2019年 01月 22日
あいつらにはジャズって呼ばせておけ |
ドミニカ生まれの白人女性作家ジーン・リースの短編集。日本で初めての刊行。18作中15作が初訳。たっぷりの解説と書誌つき。1890年生まれ。1979年、90歳まで3か月ちょっとで没。
うーん、なるほどねえ。
異国の地になじめないということもあったんだろうけど、この人は人間関係においても生き方においても不器用で、こんなふうにしか生きられなかったんだろうな。どんな目に遭ってもドミニカに帰ろうとしないのは、帰っても受け入れてもらえないからでしょう。正直言って、被害者意識が強いとさえ思えてしまうこの人の感覚はちょっとうっとおしい。
心霊信奉者/笹原桃子 訳
フランスの刑務所にて/沢山英里子 訳
マヌカン/西崎憲 訳
飢え/西崎憲 訳
アリヴェ通りにて/小平慧 訳
母であることを学ぶ/笹原桃子 訳
灰色の日/沢山英里子 訳
シディ/樫尾千穂 訳
金色荘にて/獅子麻衣子 訳
ではまた九月に、ペトロネラ/小平慧 訳
あの人たちが本を焼いた日/加藤靖 訳
あいつらにはジャズって呼ばせておけ/西崎憲 訳
虎のほうが見た目はまし/吉見浩一 訳
機械の外側で/磯田沙円子 訳
ロータス/樫尾千穂 訳
堅固な家/獅子麻衣子 訳
よそ者を探る/安藤しを 訳
タン・ペルディ/中島朋子 訳
全身に「苛立ちの棘」をはやして生きるつらさが行間からにじみ出るようで、読んでいるとこちらまで心がヒリヒリしてきます。そういうのを読むのは好きじゃないんだけど、でも、表現力が鮮やかではっとさせる文章がたくさん出てくるので、それにつられてどんどん読んでしまいました。
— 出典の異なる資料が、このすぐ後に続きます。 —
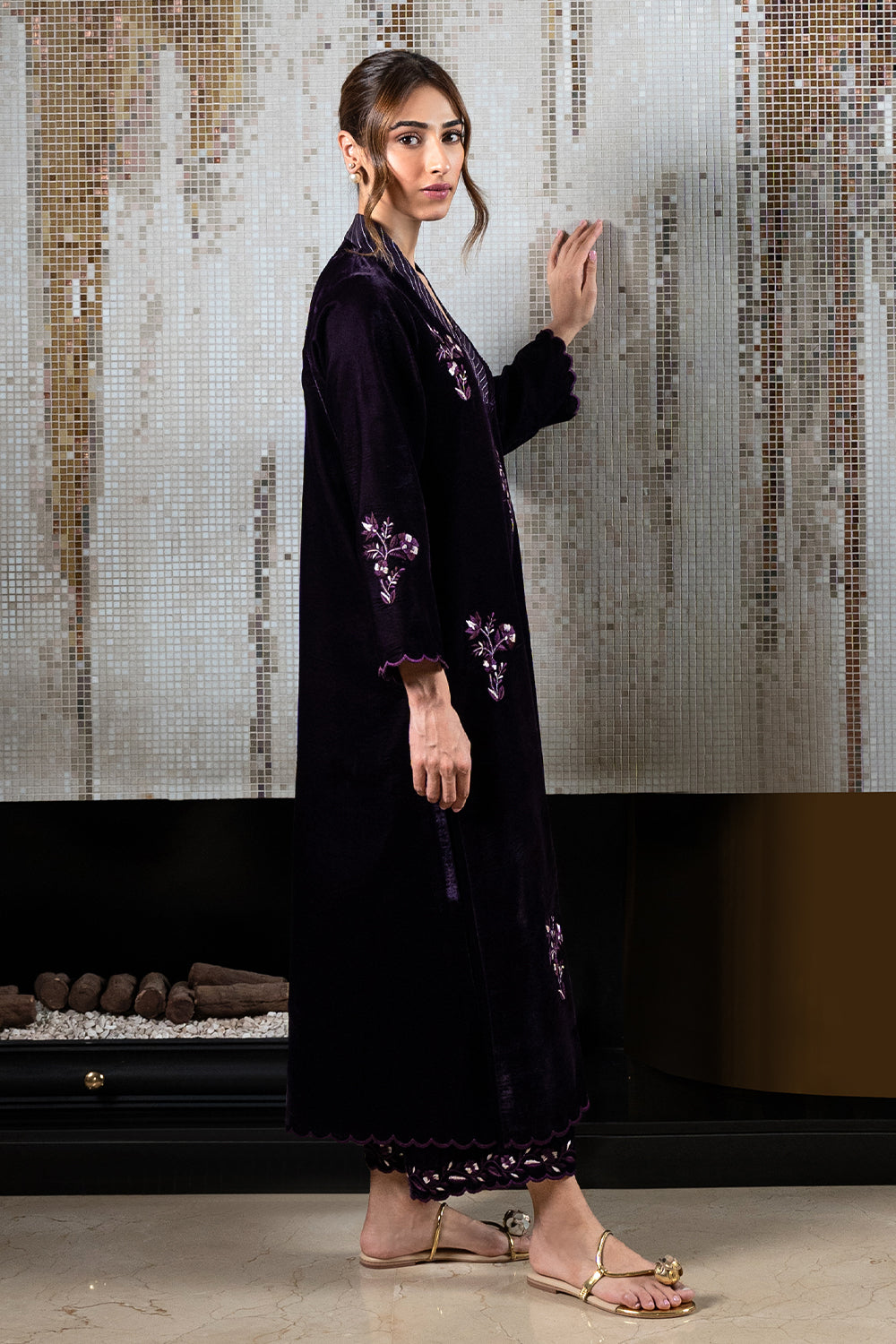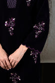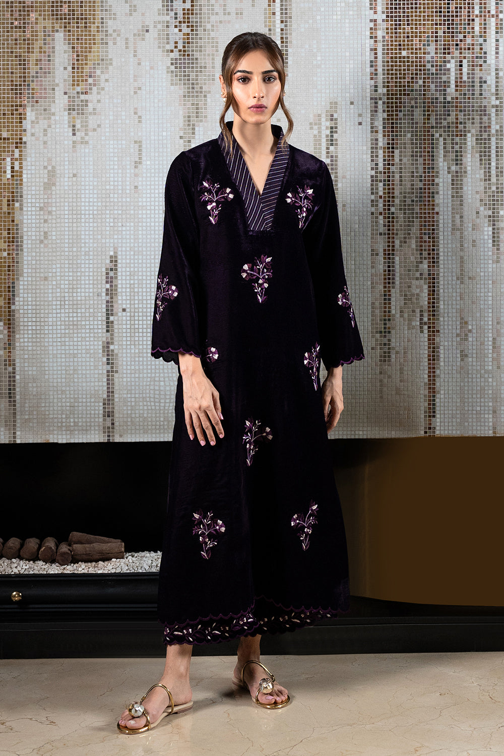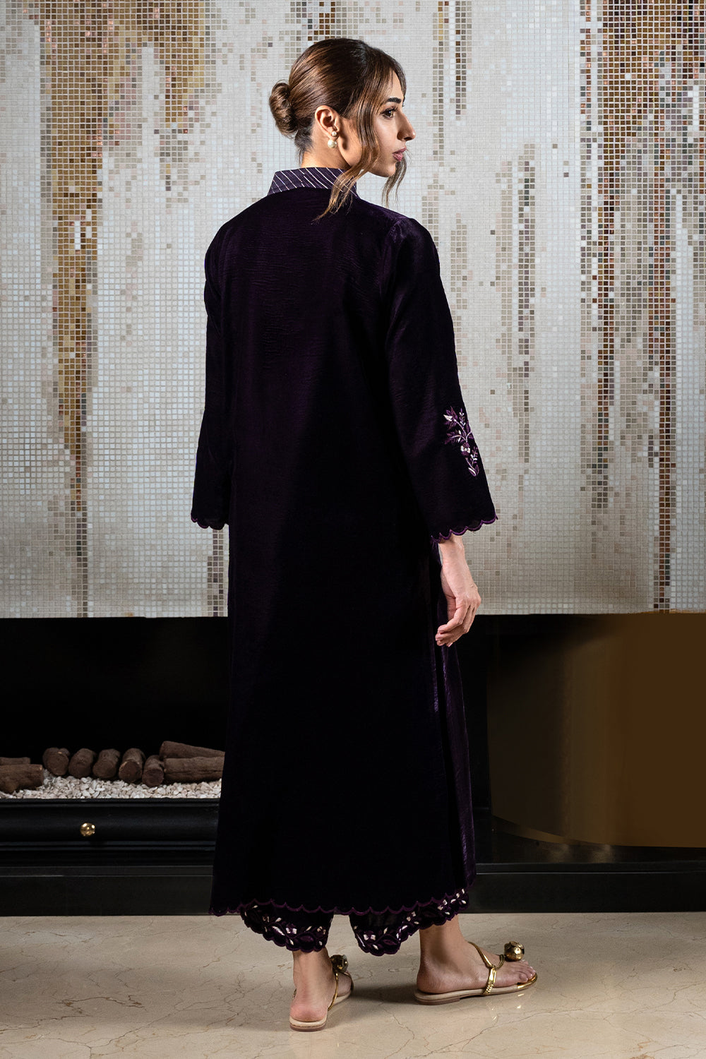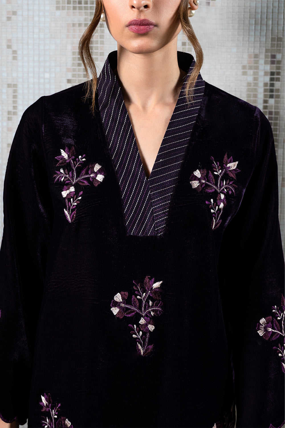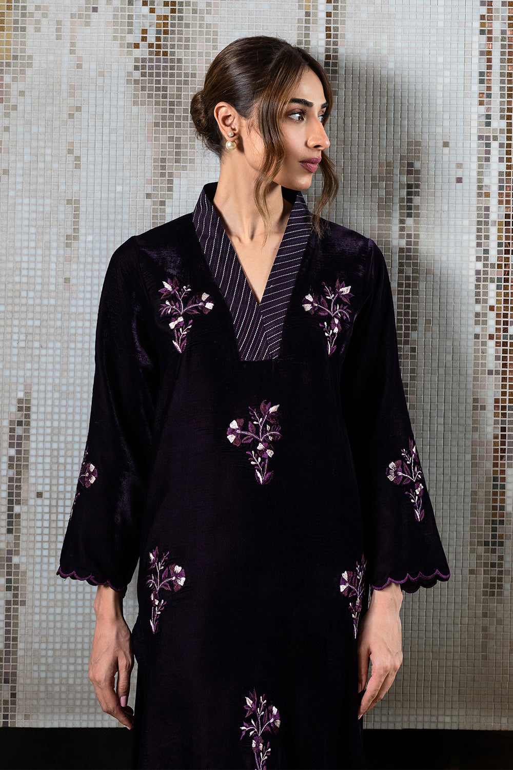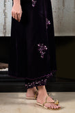 Indulge in timeless sophistication with our exquisite dark purple velvet kurta, elegantly embroidered with tonal resham embroidery inspired by classic chintz motifs. Paired with a matching velvet izaar, this ensemble is perfect for any occasion.

息苦しいくらいの感情とそっけない文体とのバランスが絶妙。特に表題作と「機械の外側で」はそのへんの魅力を満喫できます。ふつうのイギリスの作家は書きたがらない戦時中の外国人排斥を描いた「よそ者を探る」は、リースだからこそ書けた作だと思う。
複数の訳者で翻訳を分担しているので、やや統一感に欠ける気がすることは否めない。アンソロジーならいいけど、ひとりの作家の短編集はやっぱりひとりの訳者が手掛けてほしいなあ。
ひとつ気になったのは「堅固な家」に出てくる「漆塗りのお盆」。これって対応する英語はJapanned trayじゃない? 登場する場面からしても、高級な木製の漆塗りではなく、金属に絵をつけてラッカー塗装した大量生産品のような気がするんだけど。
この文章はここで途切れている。